The Danish philosophy of “hygge”, which focuses on warmth, intimacy, and the enjoyment of simple, cozy moments, has guided every aspect of Hyoo Guh. This approach is reflected in every detail of the design, creating an environment that invites relaxation and shared enjoyment, where users not only want to be, but to live, and spend most of their time. 

In addition, Hyoo Guh offers three different paths, each one of a distance under 600 meters, and marked with a different color that defines a different route, adapted to different users, these paths are intended to allow users to explore and experience the project in unique ways. Completing all three tours once adds up to one mile of distance, enriching the visitor’s experience.

The vision for Hyoo Guh is to become a landmark in the city, a place where people will go not only for necessity but for the pleasure of enjoying a welcoming and enriching environment.

Finally, Hyoo Guh aims to set a new standard for community and wellness in Hermosillo, creating an environment where every person feels not only welcome but deeply connected and enriched. Its library will not only be a center of knowledge, but a place where community flourishes, inspiring everyone to live with gratitude and full enjoyment.
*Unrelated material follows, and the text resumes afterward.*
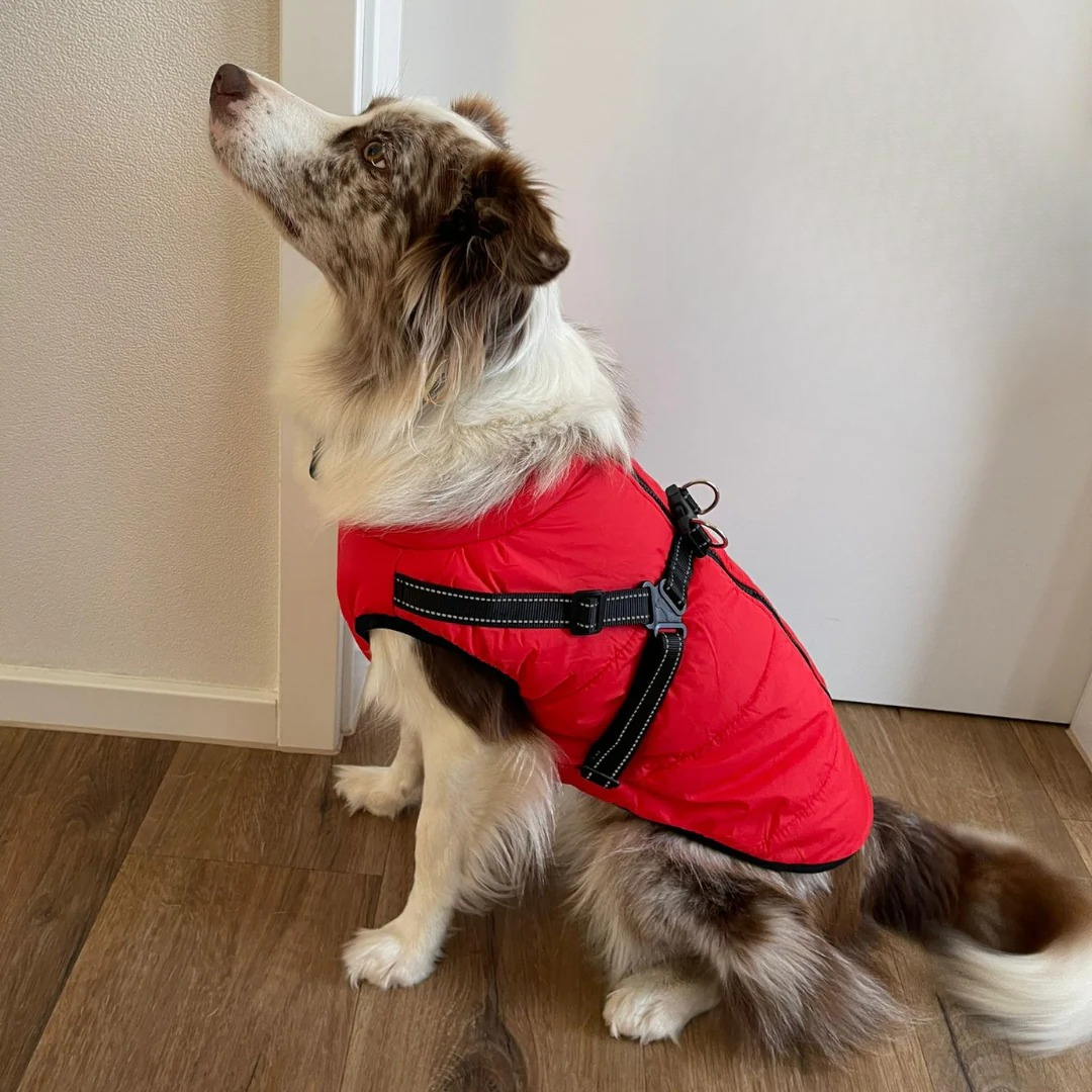 This dog coat is not only functional, but also a real eye-catcher. It is made of high quality, water-repellent Materials made to keep your dog dry when it rains. The breathable interior make sure your four-legged friend doesn’t overheat even on warmer days. No matter whether it’s pouring rain or a cool wind – with this coat your dog will always stay comfortable.

Instagram: @teccampusson, @tecdemonterrey, @eaad.tec, @yochi_02

Wine, Water and Architecture: A Multiscale Approach to Terroir Expression by Carmen Al Chahal, B. Arch ’24
American University of Beirut | Advisors: Sandra Frem & Makram El Kadi

Focusing on Anjar within the expansive 215,000 sqm plot of the Bekaa Valley, this thesis seeks to demonstrate that architecture, when thoughtfully integrated into the wine-making process, has the potential to materialize and strengthen the links between terroir and wine production at multiple scales. By addressing water-sensitive processes responding to the challenges, fostering wineries as cultural hubs for local communities, and drawing inspiration from the site’s nature and potential, architecture can play a pivotal role in enhancing the sustainability, connectivity, and cultural richness of the wine industry.